* **WORK INSTRUCTIONS**
Pictures stay out of the answer, but every line of the material must be restated exactly.

* **DATASET EXTRACT**
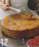 12 . В сироп, оставшийся после варки яблок в вине, добавить желатин, и довести до кипения, но не кипятить. Снять с огня.Полученным горячим желе с помощью кулинарной кисточки аккуратно обмазать поверхность пирога и его края. Дать желе застыть.
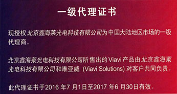 北京鑫海莱光电科技有限公司成立于2001年,位于北京市海淀区中关村高科技园区,作为VIAVI的中国区一级代理商。并为广大通信客户提供专业和高效的技术服务。经过多年的发展,公司已经建立了覆盖全国的市场营销网络。
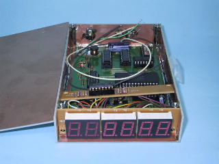 内部の様子。インジケータの表示部分と制御回路がかなりの部分を占めています。標準ロジックICで全てを作っているためであり、今なら1チップCPUで全て出来るでしょう。各回路ブロックを別々に作って組み合わせてあるため、基板サイズがばらばらで雑然とした感じがします。この後は回路規模が異なっても出来るだけ同じ基板サイズで作るようになりました。

* **OUTPUT OF THE TASK**
 12 . В сироп, оставшийся после варки яблок в вине, добавить желатин, и довести до кипения, но не кипятить. Снять с огня.Полученным горячим желе с помощью кулинарной кисточки аккуратно обмазать поверхность пирога и его края. Дать желе застыть.
 北京鑫海莱光电科技有限公司成立于2001年,位于北京市海淀区中关村高科技园区,作为VIAVI的中国区一级代理商。并为广大通信客户提供专业和高效的技术服务。经过多年的发展,公司已经建立了覆盖全国的市场营销网络。
 内部の様子。インジケータの表示部分と制御回路がかなりの部分を占めています。標準ロジックICで全てを作っているためであり、今なら1チップCPUで全て出来るでしょう。各回路ブロックを別々に作って組み合わせてあるため、基板サイズがばらばらで雑然とした感じがします。この後は回路規模が異なっても出来るだけ同じ基板サイズで作るようになりました。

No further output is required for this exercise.